Le premier vol en place avant est toujours un grand moment même s’il est accompagné en même temps de stress et d’une certaine excitation pour le stagiaire assisté en place arrière par son moniteur. Au lâcher des freins, en affichant pleine charge (Post Combustion), le pilote se retrouve plaqué à son siège comme il ne l’a probablement jamais été. Il contrôle l’accélération longitudinale dans sa VTH(3) vérifiant si la poussée est nominale et à la vitesse de rotation, il tire souplement sur le manche ; l’avion prend son envol. Le train d’atterrissage rentré, l’équipage se dirige vers la zone de travail en empruntant l’itinéraire de la procédure standard de départ. La première mission est une exploration du domaine de l’avion dans ses basses vitesses, où l’on montre le nombre de G(4) maximum que peut prendre l’avion et où le néophyte prend ses premiers repères en manoeuvrant le 2000. Puis c’est la délicate séance de l’atterrissage et des circuits à vue, car oui c’est un des moments les plus sensibles d’un vol surtout lorsque l’on revient d’une mission longue et fatigante... Les notions acquises dans les écoles antérieures sur Alphajet vont être appliquées sur Mirage 2000 lors des missions suivantes : vol en formation, vol sans visibilité, voltige et navigation. Qui dit nouvel avion, dit nouveau système. Ce pilotage de base doit être rapidement maîtrisé avec rigueur pour pouvoir non plus se concentrer sur le pilotage seul, mais sur la mission qui leur incombe.

La mission d’instruction de l’escadron comprend également l’initiation au combat aérien, la transformation « systèmes d’armes » des pilotes sur Mirage 2000 RDI(5), des reprises en main pour les pilotes expérimentés qui reviennent dans les forces mais aussi un vol de contrôle pour le vol sans visibilité à renouveler tous les ans.

L’escadron est aussi amené, en missions secondaires temps de paix, à effectuer la mission de permanence opérationnelle qui comprend l’assistance en vol (par exemple en cas de panne radio d’un avion de ligne) et les missions MASA(6) en cas d’intervention illicite sur un avion de ligne.
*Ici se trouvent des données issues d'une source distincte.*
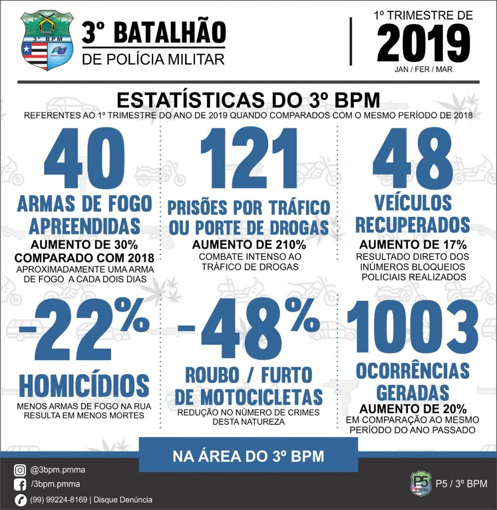 O primeiro trimestre de 2019, em comparação com o ano de 2018, é considerado positivo pelo Comando do 3° BPM, Unidade Policial situada na cidade de Imperatriz, a segunda maior cidade do Estado do MA. Tal fato se evidencia visto que todas as tipificações criminais apontaram reduções nesse período, destacando-se os delitos de homicídios que sinalizam uma diminuição de 22%, de roubos e furto a motocicletas com redução de 48% simultaneamente.

Enfin, on s’arrête devant les photos de Spitfire de la Royal Air Force appartenant au 1er escadron FAFL(7) en Angleterre « Free French squadron 340 », qui ornent les murs en brique du bar du 2/5 « Ile de France ». C’est un espace où les langues se décousent, l’expérience s’y transmet de bouche à oreille de manière informelle et complète les manuels de pilotage, et ce, depuis plus de 60 ans...

 

J. Troy  le 24/06/2007

 

(1) Brevet de Pilote de Chasse.
(2) Ensemble Equipe Technique Instruction Spécialisée.
(3) Visualisation Tête Haute : où sont projetées vitesse, altitude, cap, le Jx (accélération) et autres informations pour le combat.
(4) Accélération subie sur l’axe vertical provoquant notamment voile gris, noir et perte de connaissance.
(5) Utilisation du RDI = Radar Doppler à Impulsion.
(6) Mesures Actives de Sûreté Aérienne .
(7) Forces Aériennes Françaises Libres = Armée de l’Air de la France libre durant la seconde guerre mondiale.